What I like best about this setup, besides a reliably tidy house, is that I don’t have to be the ridiculous woman stereotype anymore, crying in a can of Comet. I still sort of drive the process in that I am the one to announce that the cleaning begins now but I have accepted this as part of my unique contribution to the household, just like how the beau handles cooking dinner every night and leaving his used floss on the coffee table.

Don’t get me wrong, though, I would still hire a housekeeper in a New York minute.

Do you clean? Have you ever cleaned before? Isn’t it awful?

get-clean

1 I’m lying, of course. It was piles of $50 bills.

12 Responses to “dirty dancing”

  1. Not even gonna lie, working for myself = I can clean in the middle of the day if I want to. Which is literally the only time ever that I want to clean, especially when it means I can justify not doing some kind of work that I don’t want to do. So for the last 2 weeks our house has been crazy clean and it makes me really happy. When I wasn’t working for myself, our house was just always filthy and we never had groceries.

    • That is awesome. I work from home and I have to admit I have no urge to clean during the day — only to surf the internet. Go you.

  2. M leaves used floss on the coffee table too. That shit is just gross.

    This is still an un-going argument, for us. Adding in the kid and all the kid related junk, we will probably hire a cleaner when we finally move. I cannot wait.
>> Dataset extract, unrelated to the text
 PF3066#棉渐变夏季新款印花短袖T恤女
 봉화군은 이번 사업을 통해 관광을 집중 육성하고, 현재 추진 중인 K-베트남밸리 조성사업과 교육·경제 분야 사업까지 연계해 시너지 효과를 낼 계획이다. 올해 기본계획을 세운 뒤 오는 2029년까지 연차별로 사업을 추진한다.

  3. Back when we lived in Toledo, Derrik and I did our laundry at parents’ houses rather than paying the exorbitant fees to use the apartment building units.
    I came home from work one night and found that he had neglected to put away the clothes in the basket after he had brought it back from his parents’. I aggressively started folding the laundry and muttering about wrinkles. Derrik got home roughly halfway through the basket and informed me that not all of that laundry was clean; there were clean and dirty clothes in this particular basket and it was separated by a layer of pants.

    A layer of pants.

  4. The cleaning battles here wax and wane. They are currently under control as I am home full time and clearly have nothing but time to scrub the tiles. That’s not sarcasm, I actually do have lots of time to scrub the tiles but I freaken don’t feel like it. So our house is about the same cleanliness as when we both work full time but I’m doing about 90% of it. And when we are both working again, I think a cleaner will be entering the picture. Which gives me MAJOR GUILT considering we will also be hiring someone to take care of our kid at that time. But your anecdote is the reason why.
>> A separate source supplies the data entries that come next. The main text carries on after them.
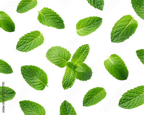 Fresh green mint leaves pattern on black background. Perfect for food, drink, or health designs.
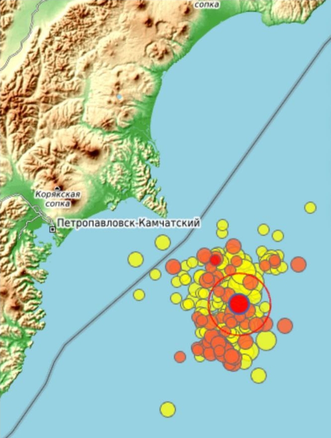 В прошедшее воскресенье 20 июля 2025 года в 18 часов 48 минут камчатского времени произошло землетрясение с магнитудой равной 7,6. Если верить данным Камчатского филиала Геофизической службы Российской академии наук (РАН), эпицентр находился в Тихом океане, примерно в 150 км от Петропавловска-Камчатского, на глубине около 17 км (координаты: 52,54 градуса северной широты, 160,16 градусов восточной долготы). Ему предшествовал предварительный толчок (форшок) с магнитудой равной 6,7. Краевую столицу трясло около двух минут. В жилых домах с полок попадала посуда, как маятники качались люстры и непроизвольно закрывались двери, в некоторых квартирах свалились антресоли, холодильники со стиральными машинами хаотично двигались по свободному пространству на кухнях и в ванных комнатах. Магазины пострадали не меньше, чем жилые помещения. На протяжении трех дней Камчатку ощутимо трясло не менее сотни раз.
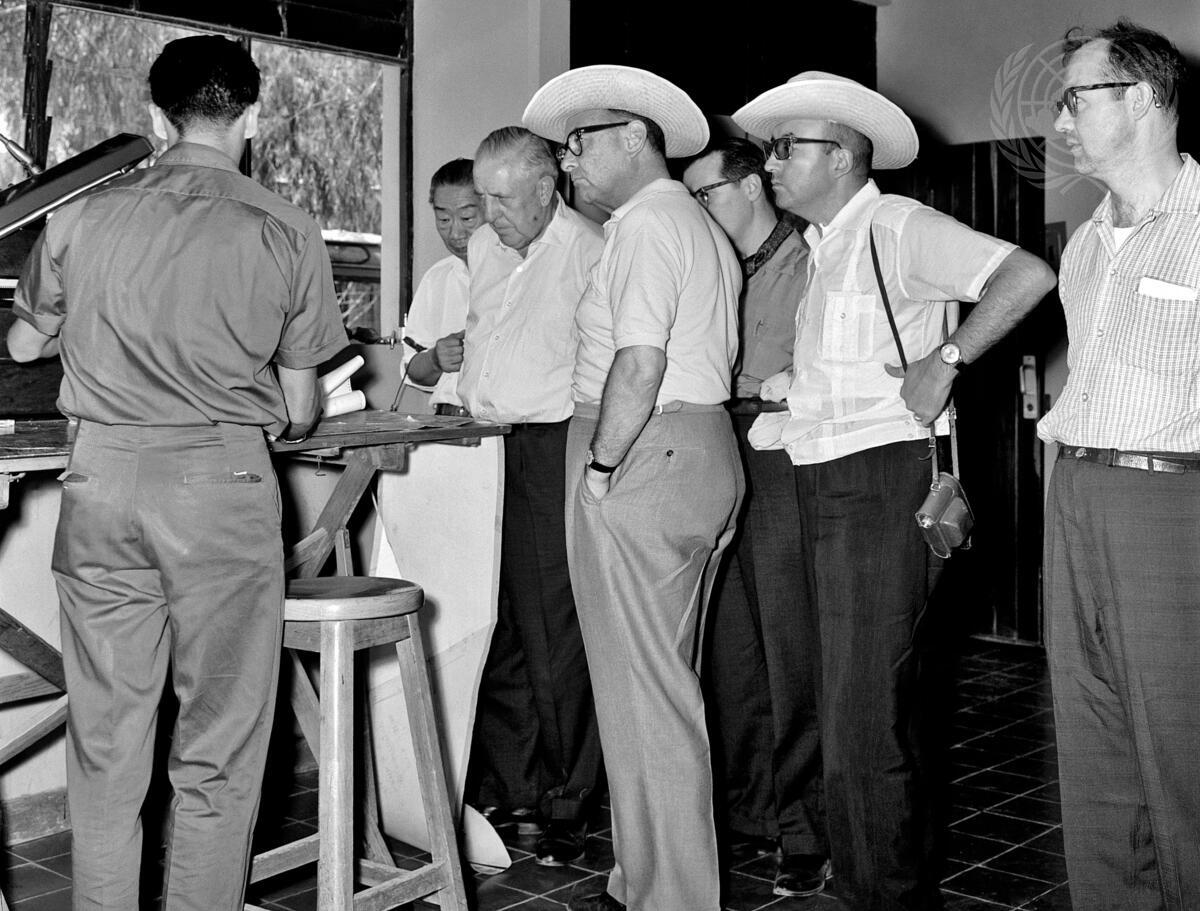 A Mexican engineer (back to camera) explains methods of field airborne compilations to the following UN officials (left to right): Mr. Victor Hoo, Commissioner for Technical Assistance, Mr. Paul G. Hoffman, Managing Director of the UN Special Fund, Mr. Roberto M. Hurtematte, Associate Managing Director of the UN Special Fund, Mr. Carlos Vejega, Deputy Director of UN Technical Assistance Board and Dr. Miguel Albornoz, Director of the Special Fund Prograrmne in Mexico. April 1963.

  5. I loved this post. I hope you’ve read Arlie Hochschild’s “The Second Shift” (and if not, it sounds like you might love it) about just these issues. Such an ordeal to work out and always so interesting to hear how another couple handles it…. especially hilariously written!
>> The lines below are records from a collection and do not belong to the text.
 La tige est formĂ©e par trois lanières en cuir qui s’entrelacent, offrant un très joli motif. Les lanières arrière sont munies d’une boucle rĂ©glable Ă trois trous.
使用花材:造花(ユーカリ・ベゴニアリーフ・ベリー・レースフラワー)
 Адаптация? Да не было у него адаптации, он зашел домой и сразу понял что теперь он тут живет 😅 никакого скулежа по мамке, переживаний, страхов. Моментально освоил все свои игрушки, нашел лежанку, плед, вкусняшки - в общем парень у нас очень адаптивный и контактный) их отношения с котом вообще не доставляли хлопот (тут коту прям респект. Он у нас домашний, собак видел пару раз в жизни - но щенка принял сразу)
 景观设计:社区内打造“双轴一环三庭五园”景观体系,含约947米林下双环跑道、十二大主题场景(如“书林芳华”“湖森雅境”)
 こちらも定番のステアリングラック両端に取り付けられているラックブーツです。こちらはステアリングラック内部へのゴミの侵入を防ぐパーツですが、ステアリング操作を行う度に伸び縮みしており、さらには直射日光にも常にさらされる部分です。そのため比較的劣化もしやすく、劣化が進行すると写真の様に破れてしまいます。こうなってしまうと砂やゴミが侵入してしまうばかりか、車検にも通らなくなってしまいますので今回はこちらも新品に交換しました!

  6. Yes! Why do I always have to be the one to bring it up? AAAAARRGH! I got to the point of deciding to make a schedule – in fact, making it is still on my to-do list – but the thought of having to nag to actually get it done is too overwhelming. And he agrees to do it in theory but then when it’s time to actually do it he’ll whine or give me these annoyed, I’m-too-busy-for-this eyes and it makes me so MAD!!! Hmm. You seem to have struck a nerve. Perhaps more counseling is in order.

  7. I had a schedule with my ex, but it never worked for his side of the chores. I suspect the problem was not the schedule. Anyhow, I agree with you on trying to do the chores M-F, and save the weekend for other, more fun, stuff. I quite like my usual pattern of cleaning on Thursdays, which is (usually) the day I don’t work my office job. I clean before taking my shower, and then things are done and clean over the weekend. Of course when I am travelling more and switching my day off around, everything gets thrown off.